The Calgary Stampede two-stepped into town again to try to whoop up an oil industry city that is crying into its beer. Like the frantic circles of a chuck wagon race, energy companies try to survive and look ahead, surrounded by fast-paced challenges. Oil prices at half-mast, climate change mandates and even the soggy wake of forest fires are dampening the spirits of the Canadian oilpatch. But let’s raise our heads from our beer glass and look around us. There is much to learn from other industries that wrestle with massive disruptive changes in their markets.

Chapters Indigo and all other bookstores in the world were changed when Amazon altered the publishing industry forever. Some say they destroyed it. Kodak declared bankruptcy in 2012 because it failed to innovate and adapt to digital imaging. Taxi companies are trying to fend off the disruptive onslaught of companies such as Uber and Lyft. Our iconic publisher JWN is transforming itself to stay connected to and inform its readers in a smart-device and online world. From automakers to banks to entertainment, disruptions for businesses, especially from technology, will continue unabated.

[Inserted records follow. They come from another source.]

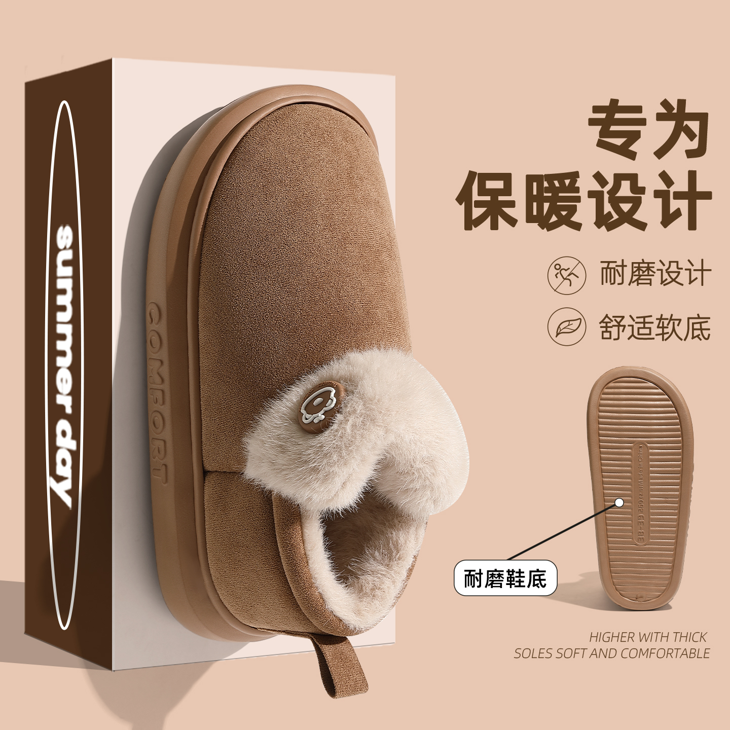 厚底棉拖鞋女款2025新款秋冬季居家高帮保暖加绒毛包跟棉鞋女外穿,浙江 金华
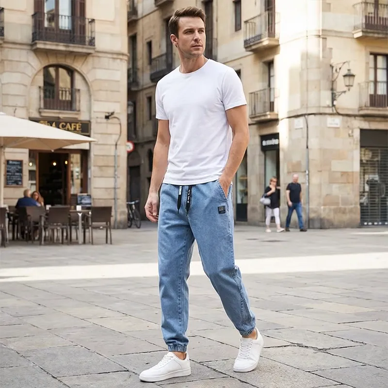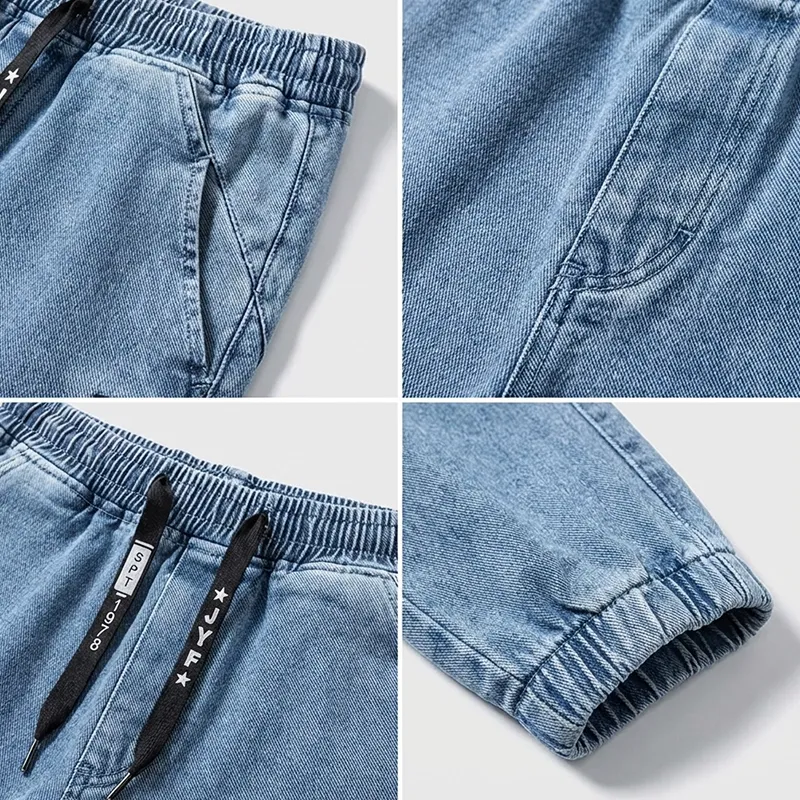 Wirklich großartige Denim-Jogginghosen. Ich spiele mit meinen Kindern und sie behalten trotzdem ihre Form. Das weiche Material macht sie noch besser für den ganzen Tag.
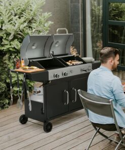 - 2-in-1 Combo Design: With the charcoal grill and 2-burner gas grill positioned side by side. this grill combines the capabilities of gas grill and charcoal grill. particularly suited for those who desire the versatility of both gas and charcoal cooking.
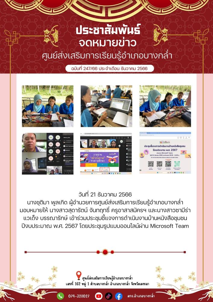 ศูนย์ สกร.ระดับอำเภอบางกล่ำ วันที่ 21 ธันวาคม 2566 นางชุติมา พูลเกิด ผู้อำนวยการศูนย์ส่งเสริมการเรียนรู้อำเภอบางกล่ำ มอบหมายให้ นางสาวสุดารัตน์ จันทฤทธิ์ ครูอาสาสมัครฯ และนางสาวซามีร่า แวเด็ง บรรณารักษ์ เข้าร่วมประชุมชี้แจงการดำเนินงานบ้านหนังสือชุมชน ปีงบประมาณ พ.ศ. 2567 โดยประชุม
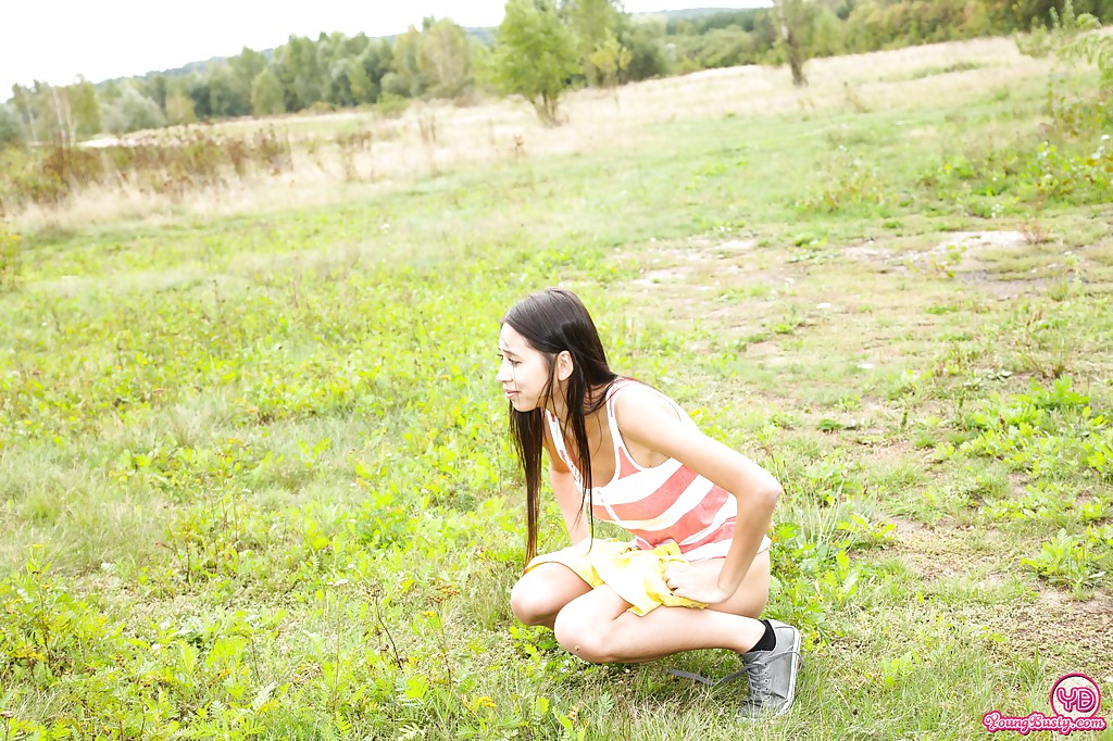 Young barely legal teen babe flashes perfect big natural tits outdoors, teasing with shaved pussy, see-through panties, and golden pee in close-up.
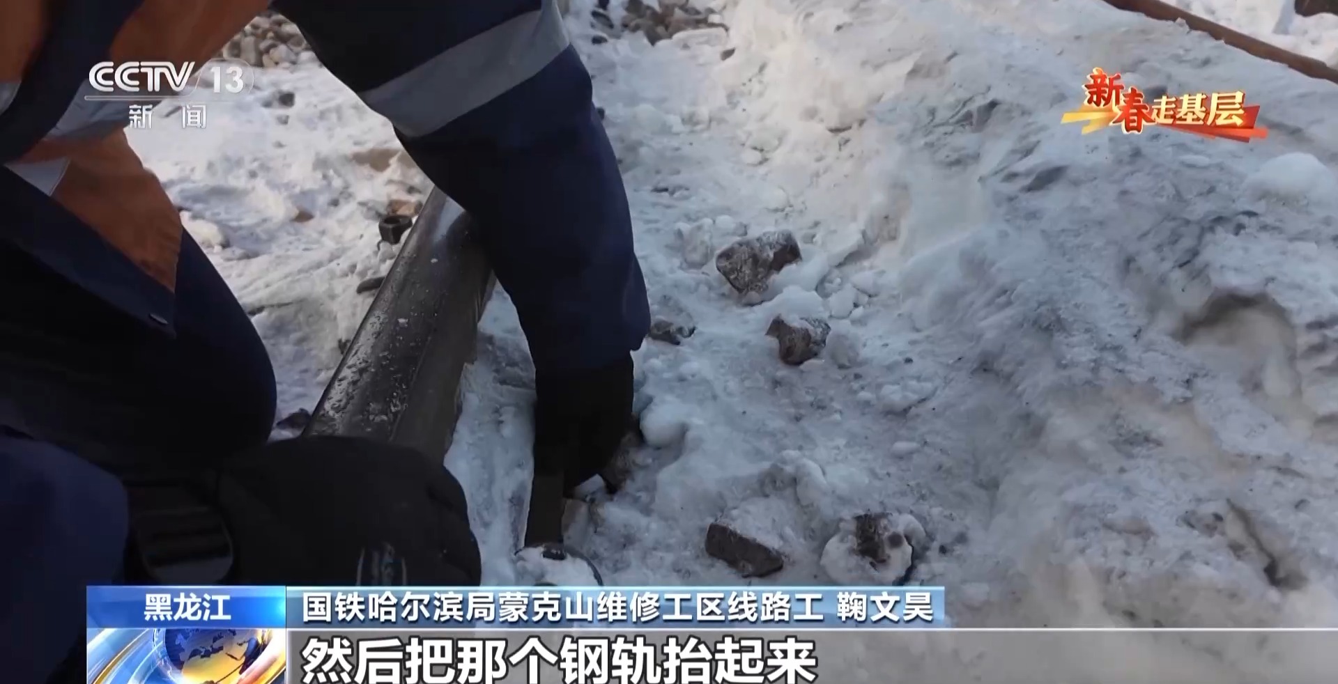 國鐵哈爾濱局蒙克山維修工區線路工 鞠文昊:我們通過這種墊板的方式,把鋼軌抬起來,保證這個軌面、鋼軌平齊平直。
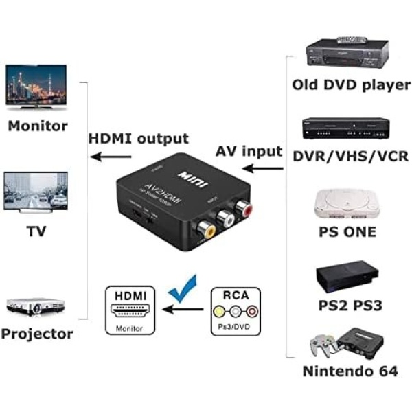 Plug and Play: Mini RCA to HDMI converter box need no extra driver, user friendly and easy to operate. Please hook up the USB power cable (included) to 5V 1A power adapterwhen using this RCA to HDMI adapter.
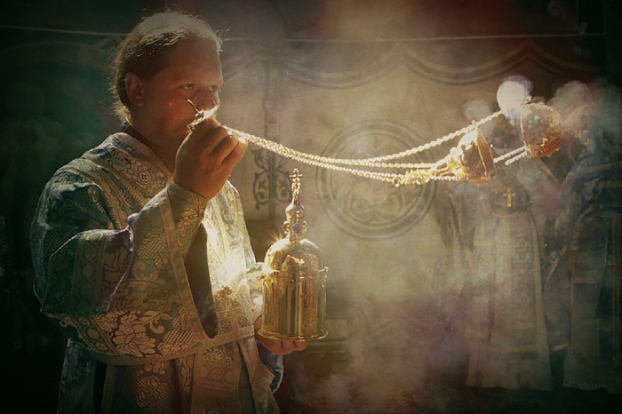 Заходя в церковь, ощущается особенный, ни на что не похожий аромат - аромат ладана. Ладаном называется ароматическая смола, которую, при помощи угольков, священнослужители жгут в кадилах во время богослужений. Держа в руке кадило (специальный металлический сосуд с крышкой и на цепочках), батюшка обходит всё храмовое пространство, «окуривая» его.
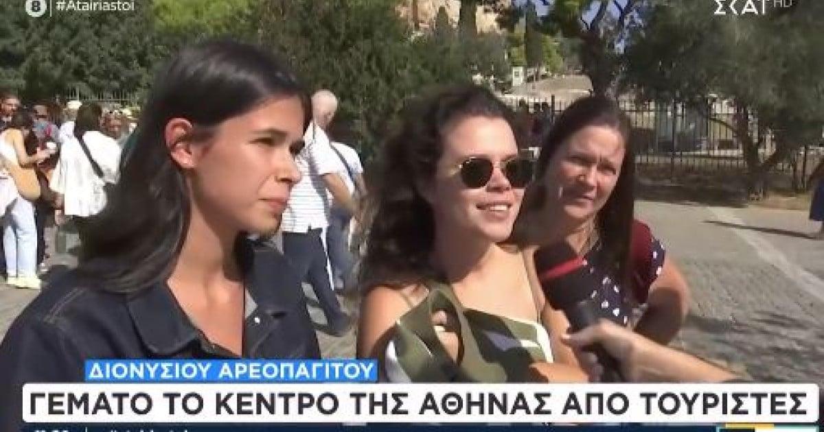 Γεμάτοι τουρίστες είναι οι δρόμοι της Αθήνας και στην Διονυσίου Αρειοπαγίτου βρέθηκε εκπομπή του ΣΚΑΪ με την δημοσιογράφο να σταματά Πορτογάλους τουρίστες και να τους ρωτάει αθλητικό περιεχόμενο.
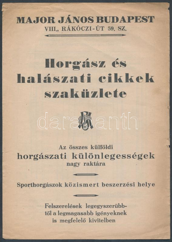 cca 1910-1920 Bp. VIII., Major János horgász és halászati cikkek szakü... https://www.darabanth.com/de/236-Fernauktion/236.0/Andere-Sammelgebiete/Drucksachen~400007/cca-1910-1920-Bp-VIII-Major-Janos-horgasz-es-halaszati-cikkek-szakuzletenek-abrakkal-illu~II1087564

Here in Cow Town, we sit on a well-explored sedimentary basin, 750 kilometres from heavy oil reserves that help give Canada a third-place ribbon in the world’s largest oil reserves list. Yet the constraints of a variety of market conditions have oil and gas producers and the service industry focused on operational efficiency to survive. The innovations that have fuelled the Canadian oil industry thus far, although brilliant, have been largely about the engineering of drilling, extraction, and production of oil and gas. Perhaps more transformational innovation for organizations is now required.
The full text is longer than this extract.